*TASK INSTRUCTIONS*
Reproduce the data below in full and to the letter, images excepted.

*DATA BLOCK*
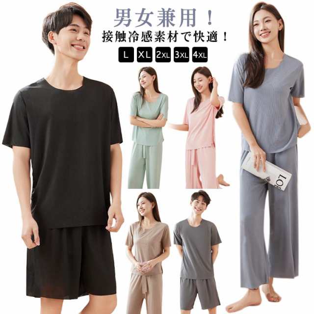 ルームウェア 接触冷感 レディース ナイトウェア 接触冷感 ハーフパンツ/ロングパンツ 夏 半袖 パジャマ 上下セット Tシャツ 上下セット 2点セット 薄手 メンズ 大きいサイズ ウエストゴム 涼しい 涼感 部屋着 寝巻き リラックスウェア 送料無料
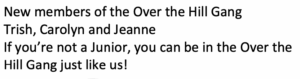 Are you 36 years or older, old enough to know better, but have the skills and talent to just let your hair down and have fun? Then the Over the Hill Gang is for you! If you’re not a junior, you can be a member! Each year the Over the Hill Gang has its annual meeting at state conference. The Over the Hill Gang also sponsors the “After Hours Show” immediately after the Saturday Night Banquet. Skits and performances, matching the year’s theme, are abundant and guaranteed to keep you laughing long into the night. But, why just sit and watch the show when you can be part of the fun! Come join us! A lifetime membership in our club is just $5 and an application away. Applications are only available at state conference. The object of the “Over the Hill Gang!”: Supports the Juniors and the State Outstanding Junior’s trip to Continental Congress (if she elects to go). It also provides a monetary award for the third-place winner of the DAR Good Citizen Award.
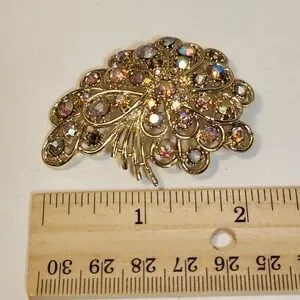 Keywords: vintage brooch, ART jewelry, rhinestone pin, floral brooch, Aurora Borealis, statement pin, gold tone, glamour, elegant, special occasion, cocktail pin, designer brooch, sparkle
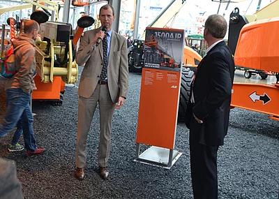 Gemietet sind die JLG Bühnen für mehrere Monate von dem Vermieter Theisen GmbH, der zur finnischen Cramo Gruppe gehört. Die Niederlassung in Chemnitz ist neu und wurde im Februar dieses Jahres eröffnet. Ingo Krause, der zuständige District Manager von Theisen Baumaschinen für Thüringen und West-Sachsen, beschreibt: „Wir haben jetzt in Chemnitz für unsere Kunden 100 Arbeitsbühnen im Mietpark. Wir denken, dass wir damit ein sehr gutes Angebot, sowohl für Bau als auch Industrie und andere Branchen, zur Verfügung stellen.“ Zu diesem Maschinenpark gehören über 50 unterschiedliche JLG Arbeitsbühnen. Theisen bietet vor Ort neben Miete auch Service, Reparatur und IPAF-Schulungen an. Wie Krause sagt, wird der Maschinenpark noch erweitert. So ist geplant, unter anderem weitere JLG Scheren- und Hybridbühnen mit größeren Arbeitshöhen in das Programm mit aufzunehmen. Sie werden auch für den Bau der Halle in Chemnitz von Bedeutung sein. Denn nach dem Errichten des Haupttragwerks entsteht das Sekundärtragwerk mit 2.600 lfm Pfetten und Wandriegel. Danach wird die Fassade montiert. 2.100 m² Dachtrapez- und 2.000 m² Wandtrapezbleche inklusive Lichtplatten sind zu montieren: Aufgaben, die mit Hilfe der JLG Bühnen effizient gemeistert werden.

*EXERCISE SOLUTION*
 ルームウェア 接触冷感 レディース ナイトウェア 接触冷感 ハーフパンツ/ロングパンツ 夏 半袖 パジャマ 上下セット Tシャツ 上下セット 2点セット 薄手 メンズ 大きいサイズ ウエストゴム 涼しい 涼感 部屋着 寝巻き リラックスウェア 送料無料
 Are you 36 years or older, old enough to know better, but have the skills and talent to just let your hair down and have fun? Then the Over the Hill Gang is for you! If you’re not a junior, you can be a member! Each year the Over the Hill Gang has its annual meeting at state conference. The Over the Hill Gang also sponsors the “After Hours Show” immediately after the Saturday Night Banquet. Skits and performances, matching the year’s theme, are abundant and guaranteed to keep you laughing long into the night. But, why just sit and watch the show when you can be part of the fun! Come join us! A lifetime membership in our club is just $5 and an application away. Applications are only available at state conference. The object of the “Over the Hill Gang!”: Supports the Juniors and the State Outstanding Junior’s trip to Continental Congress (if she elects to go). It also provides a monetary award for the third-place winner of the DAR Good Citizen Award.
 Keywords: vintage brooch, ART jewelry, rhinestone pin, floral brooch, Aurora Borealis, statement pin, gold tone, glamour, elegant, special occasion, cocktail pin, designer brooch, sparkle
 Gemietet sind die JLG Bühnen für mehrere Monate von dem Vermieter Theisen GmbH, der zur finnischen Cramo Gruppe gehört. Die Niederlassung in Chemnitz ist neu und wurde im Februar dieses Jahres eröffnet. Ingo Krause, der zuständige District Manager von Theisen Baumaschinen für Thüringen und West-Sachsen, beschreibt: „Wir haben jetzt in Chemnitz für unsere Kunden 100 Arbeitsbühnen im Mietpark. Wir denken, dass wir damit ein sehr gutes Angebot, sowohl für Bau als auch Industrie und andere Branchen, zur Verfügung stellen.“ Zu diesem Maschinenpark gehören über 50 unterschiedliche JLG Arbeitsbühnen. Theisen bietet vor Ort neben Miete auch Service, Reparatur und IPAF-Schulungen an. Wie Krause sagt, wird der Maschinenpark noch erweitert. So ist geplant, unter anderem weitere JLG Scheren- und Hybridbühnen mit größeren Arbeitshöhen in das Programm mit aufzunehmen. Sie werden auch für den Bau der Halle in Chemnitz von Bedeutung sein. Denn nach dem Errichten des Haupttragwerks entsteht das Sekundärtragwerk mit 2.600 lfm Pfetten und Wandriegel. Danach wird die Fassade montiert. 2.100 m² Dachtrapez- und 2.000 m² Wandtrapezbleche inklusive Lichtplatten sind zu montieren: Aufgaben, die mit Hilfe der JLG Bühnen effizient gemeistert werden.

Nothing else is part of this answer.